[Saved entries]
****************
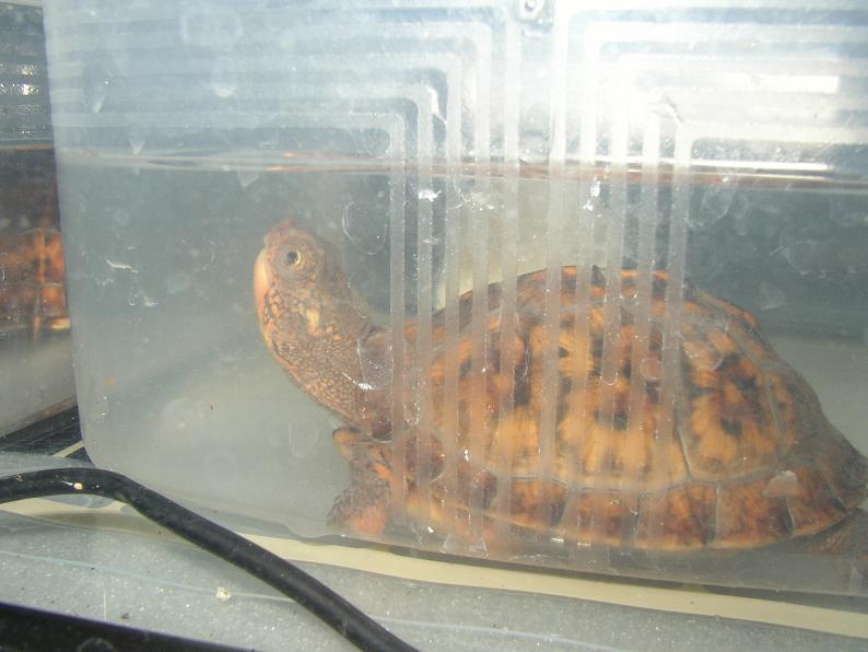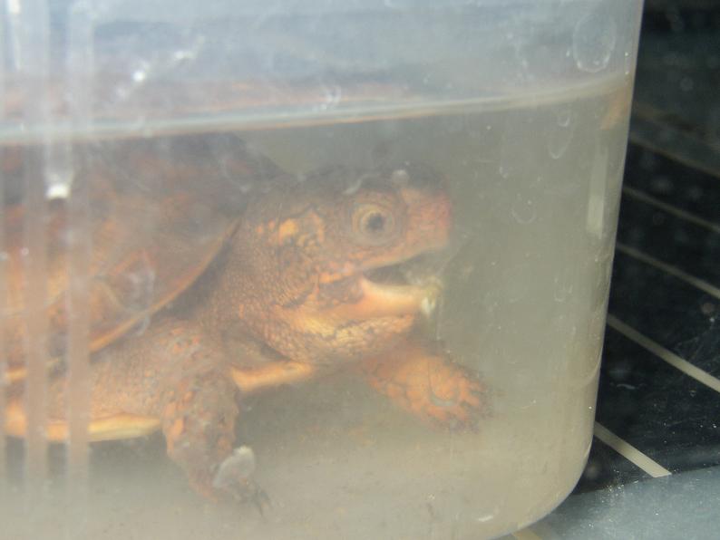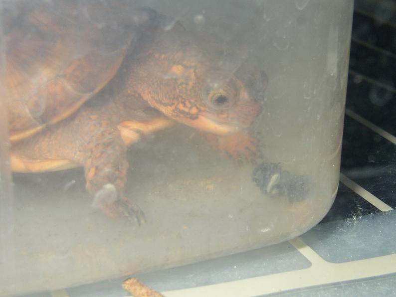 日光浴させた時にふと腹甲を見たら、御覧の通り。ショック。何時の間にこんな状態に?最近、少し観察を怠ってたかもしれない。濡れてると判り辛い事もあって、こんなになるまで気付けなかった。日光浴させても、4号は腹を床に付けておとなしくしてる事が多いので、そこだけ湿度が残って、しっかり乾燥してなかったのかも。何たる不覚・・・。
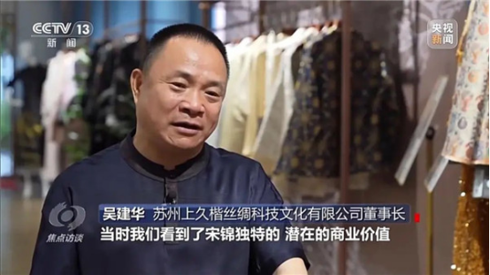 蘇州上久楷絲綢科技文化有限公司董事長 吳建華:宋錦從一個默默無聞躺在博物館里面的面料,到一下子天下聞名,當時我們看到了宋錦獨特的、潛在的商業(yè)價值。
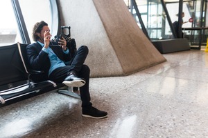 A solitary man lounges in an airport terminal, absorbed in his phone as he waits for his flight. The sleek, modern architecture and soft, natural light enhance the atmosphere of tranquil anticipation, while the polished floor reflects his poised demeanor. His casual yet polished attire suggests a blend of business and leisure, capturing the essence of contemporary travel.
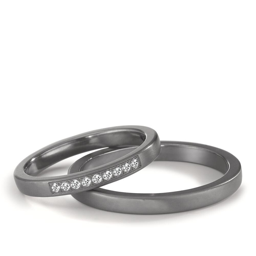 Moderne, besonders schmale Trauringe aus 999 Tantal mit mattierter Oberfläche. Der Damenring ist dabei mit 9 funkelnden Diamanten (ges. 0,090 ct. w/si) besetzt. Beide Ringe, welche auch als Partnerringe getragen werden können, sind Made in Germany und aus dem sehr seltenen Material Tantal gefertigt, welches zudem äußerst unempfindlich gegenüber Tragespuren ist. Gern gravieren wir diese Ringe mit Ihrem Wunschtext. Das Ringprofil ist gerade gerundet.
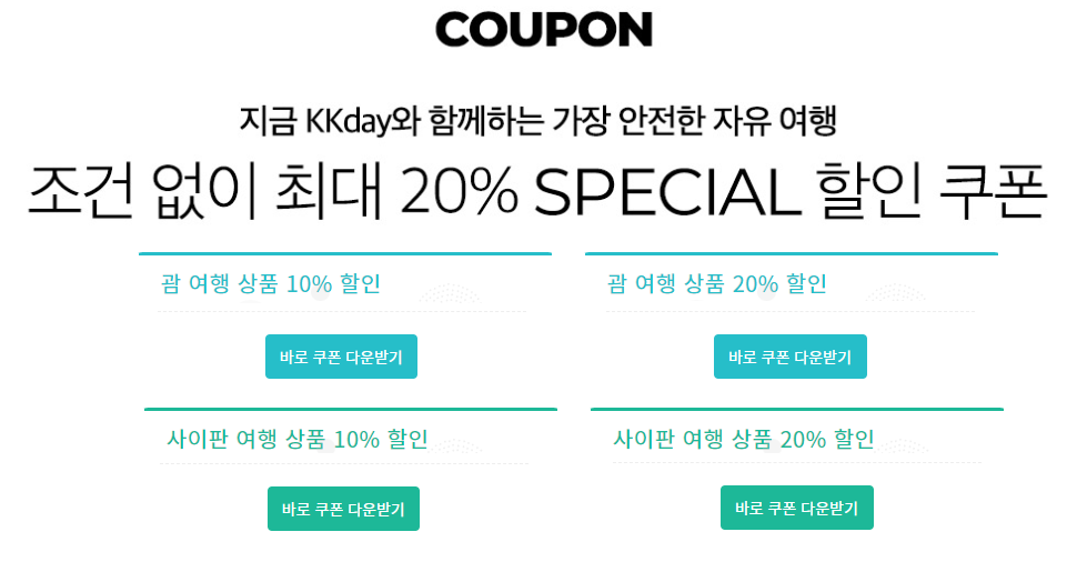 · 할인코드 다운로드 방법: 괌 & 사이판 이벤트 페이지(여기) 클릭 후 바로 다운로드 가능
****************
- **What you need to do**
Nothing but an exact copy belongs in the answer: the lines from the top of the records through the line containing "A solitary man", minus the pictures.

- **Finished task**
 日光浴させた時にふと腹甲を見たら、御覧の通り。ショック。何時の間にこんな状態に?最近、少し観察を怠ってたかもしれない。濡れてると判り辛い事もあって、こんなになるまで気付けなかった。日光浴させても、4号は腹を床に付けておとなしくしてる事が多いので、そこだけ湿度が残って、しっかり乾燥してなかったのかも。何たる不覚・・・。
 蘇州上久楷絲綢科技文化有限公司董事長 吳建華:宋錦從一個默默無聞躺在博物館里面的面料,到一下子天下聞名,當時我們看到了宋錦獨特的、潛在的商業(yè)價值。
 A solitary man lounges in an airport terminal, absorbed in his phone as he waits for his flight. The sleek, modern architecture and soft, natural light enhance the atmosphere of tranquil anticipation, while the polished floor reflects his poised demeanor. His casual yet polished attire suggests a blend of business and leisure, capturing the essence of contemporary travel.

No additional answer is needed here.